I will echo what others have said: a better algorithm is going to win in terms of performance gains.
That said, I work in image processing, which as a problem domain can be stickier. For example, many years ago I had a chunk of code that looked like this:
void FlipBuffer(unsigned char *start, unsigned char *end)
{
unsigned char temp;
while (start <= end) {
temp = _bitRev[*start];
*start++ = _bitRev[*end];
*end-- = temp;
}
}
which rotates a 1-bit frame buffer 180 degrees. _bitRev is a 256 byte table of reversed bits. This code is about as tight as you can get it. It ran on an 8MHz 68K laser printer controller and took roughly 2.5 seconds for a legal sized piece of paper. To spare you the details, the customer couldn't bear 2.5 seconds.
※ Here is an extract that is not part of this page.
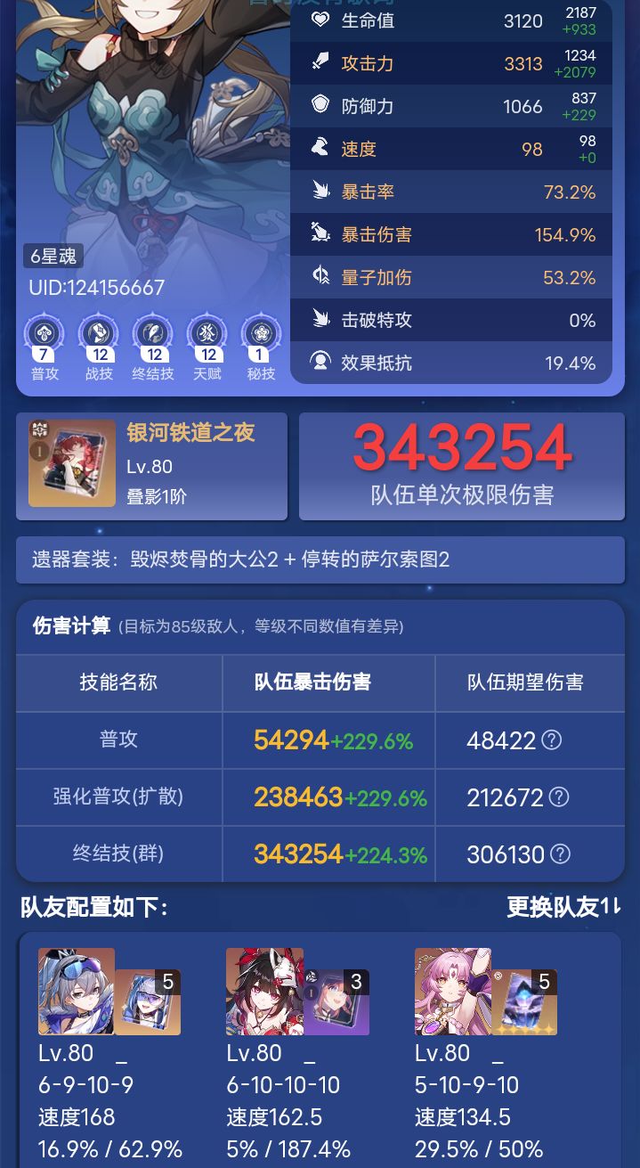 然后我突然想起来花火的行迹,我刚好还有符玄和银狼,再加上一个很久以前行迹拉好的青雀,因为之前一直是3命,在花火池才满的,就一直没有用过,所以就从来没有刷过量子套!于是随便带几个好点的,凑面版!

The solution was an identical algorithm to this. The difference was that
- I used a 128K table and operated on words instead of bytes (the 68K is much happier on words)
- I used Duff's device to unroll the loop as much as would fit within a short branch
- I put in an optimization to skip blank words
- I finally rewrote it in assembly to take advantage of the sobgtr instruction (subtract one and branch on greater) and have "free" post increment and pre-decrements in the right places.
So 5x: no algorithm change.
The point is that you also need to understand your problem domain and what bottlenecks means. In image processing, algorithm is still king, but if your loops are doing extra work, multiply that work by several million and that's the price you pay.